Jackfish: Piecing Together the Past
“I remember a lot more buildings,” I say to my paddling partners, Jen and Otto, as we walk along roads and trails at the old town site of Jackfish. It’s 2015 and we’re on a sea kayaking trip, visiting some of the places along the Lake Superior coastline painted by Canada’s Group of Seven. Now famous for pioneering a unique style of Canadian art, members of the group first visited Superior’s North Shore in the 1920s.
When A.Y. Jackson, Franklin Carmichael and Lawren Harris were here it was a bustling and picturesque fishing and railway community. Today, it’s a ghost town and we are staying in the midst of it in our friend, Darrell Makin’s, cabin. Although time has passed since I’ve been here, I’m perplexed at how different everything looks.
I first visited Jackfish in 2006, researching my Backroads Column for Ontario Out of Doors Magazine. I learned that the first European settlers in the area were three families fishing Superior's lonely coast for lake trout and whitefish in the 1870s. Jackfish would change abruptly in the 1880s when the Canadian Pacific Railway (CPR) arrived and established a settler community that would flourish for more than 60 years.
At one time more than 300 men worked two cranes around the clock loading coal cars bound for points along the CPR line. The town's fate was sealed in the 1940s when the CPR began switching from coal-fired steam engines to diesel. The last coal steamer left the dock in 1948 and by the mid-1960s the effect of lamprey eel on the fishery meant nets were hung up for good.
On that initial visit, there was abundant evidence of a town that once had a general store, two churches, a school and about 30 homes. I took a lot of photographs of a wide variety of buildings in various stages of deterioration. But on this 2015 visit, they are nowhere to be seen.
Group of Seven Connection
Although the ruins of the town are nothing like I remember, it is still a magical nook along the edge of Lake Superior. I photograph Otto sketching the gentle slopes of St. Patrick’s Island, as painted by Lawren Harris in the 1920s. We hike amongst old weathered stone chimneys and foundations to where A.Y. Jackson would have sat to paint the pretty coastal townsite. It’s interesting to note that today it is a much quieter place than it was hundred years ago when members of the Group of Seven were here. Our kayak trip continues past other coastal areas where iconic paintings were produced of Pic Island and another once-busy fishing community at Port Coldwell.
The 2015 kayak adventure is an eye-opening experience exposing the raw beauty of Lake Superior and its role in helping to create a style of Canadian art true to the rugged and unvarnished landscape of the coast. But my trip to Jackfish leaves me with a nagging suspicion that I am missing something. More than once I wonder aloud what happened to the buildings and my paddling comrades are not quite sure what to think. After all, there are plenty of artifacts pointing to an active past including an old bicycle frame resting on the bluff above the beach and a rusted sun-baked carcass of an old truck resting comfortably among scrubby trees near Darrell’s cabin.

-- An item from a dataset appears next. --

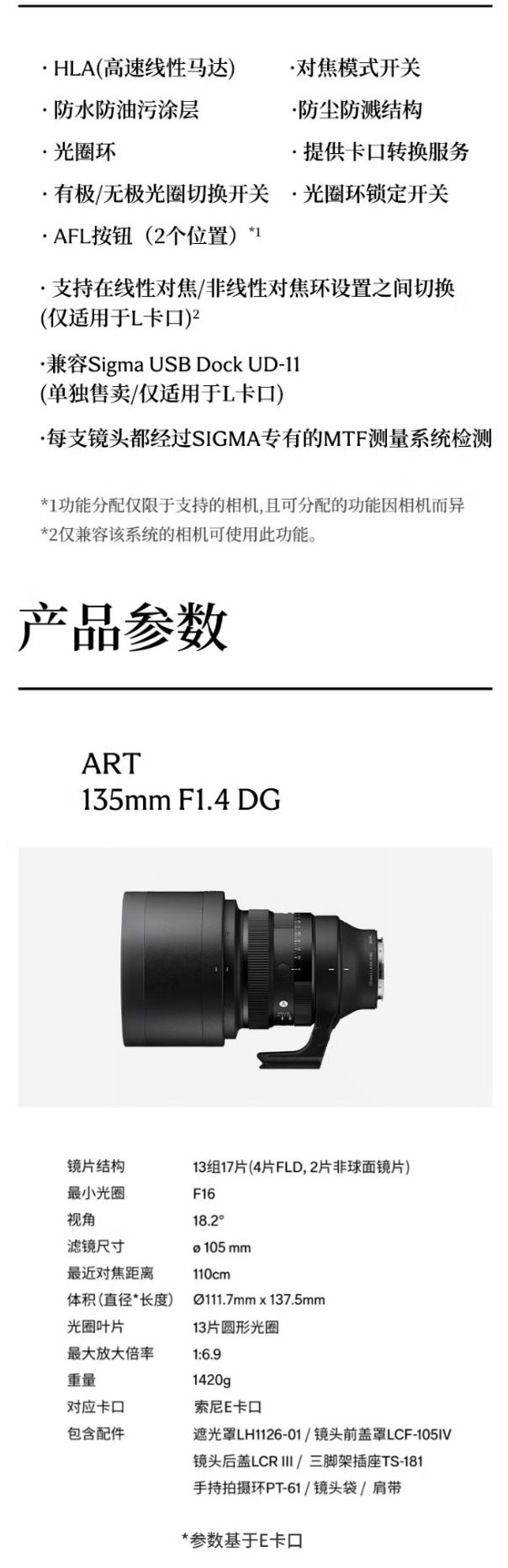 E口-适马 135mm F1.4 DG 全画幅大光圈定焦镜头

Brought up to Speed by an Old Truck
Fast forward to 2021 when I review my photographs from the 2006 trip to Jackfish; I look with amazement at the wide variety of log and frame structures that were spread across the townsite. The most intriguing photograph is of an old sun-baked truck which I recognize from photographs of our 2015 visit. The main difference between the 2006 and 2015 images is that the earlier image has an immense weathered multistory wooden building in the immediate background. In 2015, it’s gone. The side-by-side comparison confirms it’s the same truck.
I remember the truck was close to the small cabin we stayed in. I contact owner Darrell Makin and the pieces began to fall into place. He tells me the large building close to the old truck was the home of a commercial fisherman, Peter Dahl. Makin bought the property in 2009 and, in researching some of the histories of Jackfish, he learned Dahl befriended Carmichael, Jackson, and Harris, and shuttled them to specific locations on the lake to paint. A further connection to the Group of Seven was a sign on one of the Dahl buildings that read ‘Trout Lodge’ which Makin believes was painted by Franklin Carmichael. Unfortunately, a fire in 2010 destroyed Makin’s buildings and most of the structures in the townsite. The remains of the town are slowly sinking into the wilderness, a process that was severely hastened by the 2010 fire, but the community of Jackfish and its magnificent coastal location are immortalized in the works of Canada’s Group of Seven.
Soon after the fire, Makin put up a new building on the old Dahl property. And as I have only recently pieced together, it’s very close to the old truck that helped enlighten me about the disappearance of the old buildings of Jackfish.